My husband's cousin who is frantically planning her wedding is pregnant. She is in her early 40's, I am happy for her but can't help but feel a little jealous.

Here is an interesting blog I found while reading on vitamin D

http://infertility-fertility.blogspot.com/

RG

Wednesday, May 12, 2010

Impatient

Its been a week since I e-mailed my chart to my Dr. and I haven't heard back from him. I am aware that the wait can be long for surgery but I need to know the possibility of when it can happen. I am not a very patient person, my husband reminds of this on a daily bases :) but I am really trying. So I broke down and e-mailed the Dr. and asked if he has gotten a chance to look at my chart and when I can schedule surgery. Hope he doesn't think I am being too pushy. I also need to tell my job of my schedule since they are allowing me to work from home.
Recently so many bloggers who have been seeing Nap.ro Drs are expecting. This gives me so much hope. But right now all the focus will be getting to feel better.

Since I have been working form home I have also been thinking if I should take a year off working and focus on getting well and TCC. Lots of thoughts going through my head. Haven't mentioned it to my husband yet. If this has to happen then our hopes of buying a house will have to be put on hold and we may struggle a little bit financially. But it could all be worth it. But then again I wouldn't know what to do with myself if I quit work. So many things going through my mind.

RG

Monday, May 10, 2010

Stuff

Usually on Mother's day we get together for lunch or dinner with my parents and siblings. Being from another country, our culture doesn't have a Mother's day. However, we do get together since we all live close to each other. Mother's day wasn't any harder for me than any other day.

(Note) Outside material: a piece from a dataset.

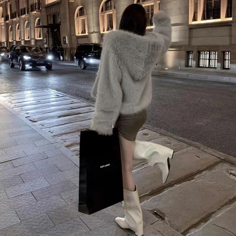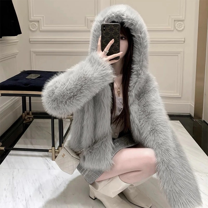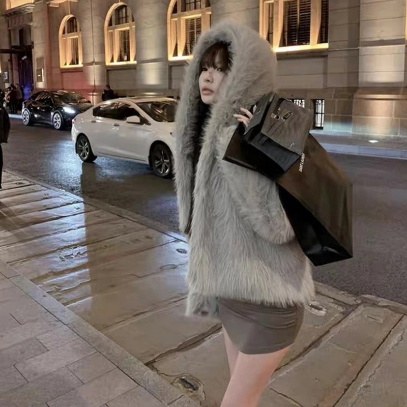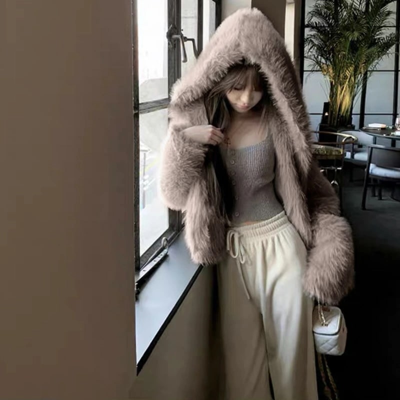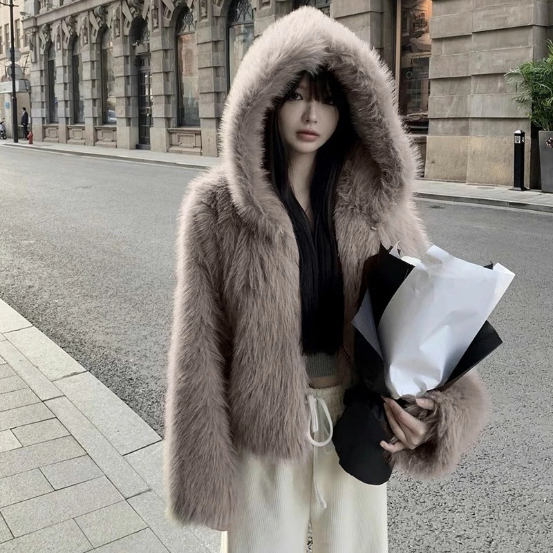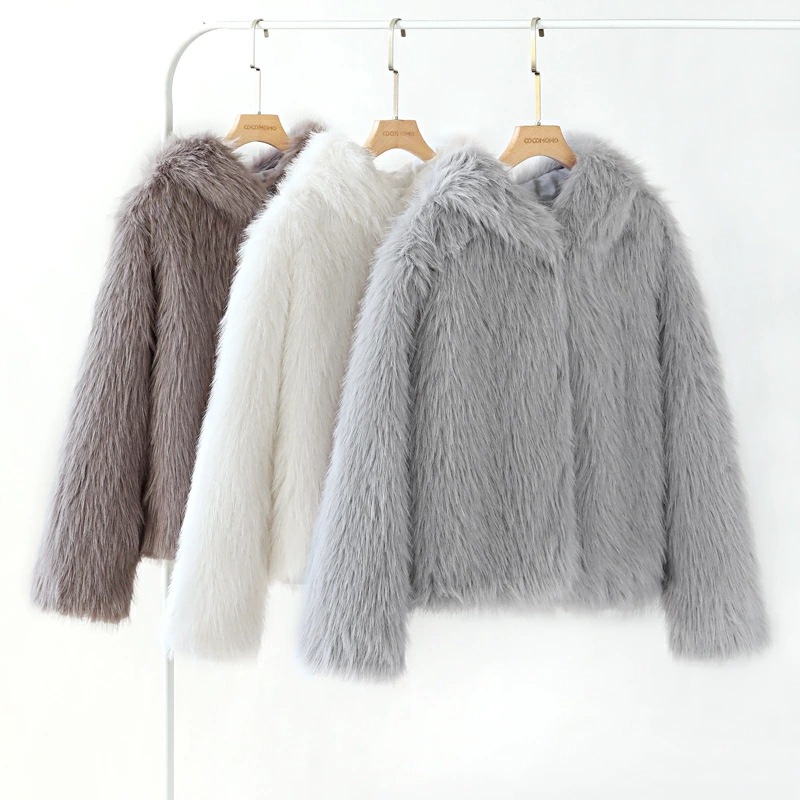 ふわふわシャギー ファーブルゾン ファーコート ショート ブルゾン フード付き レディース ファー コート フェイクファー ショート丈 アウター 暖かい もこもこ

I bumped in to a friend I lost touch with this past week. The last time I talked to her was when she was pregnant with her third child which was unplanned. She was trying to go back to school at the time and boom she was pregnant. Anyhow when she saw me the other day with my husband with no child to show for she said "you still don't have a baby?"-I don't think I have talked to her about our IF situation. She followed with "you are being selfish for not having a baby by now". Wow, what do you say to that, I smiled and said nothing and since her husband seem to be in a hurry with the kids running around we exchanged numbers and parted. Would I have said something like that if I had no issues with fertility, I doubt it. But her words hit me like a brick. People have no clue. Even if I chose not to have kids what gives her the right to call me selfish. If she has asked me nicely I would have said we are trying and it is just not happening for us.

On the health front my Nap.ro Dr. has me on mega dose of Vitamin D and thinks that some of my symptoms are because of the vitamin D deficiency. I just took my first dose and man my stomach is already unhappy. I Still don't have a date for surgery, anxiously waiting.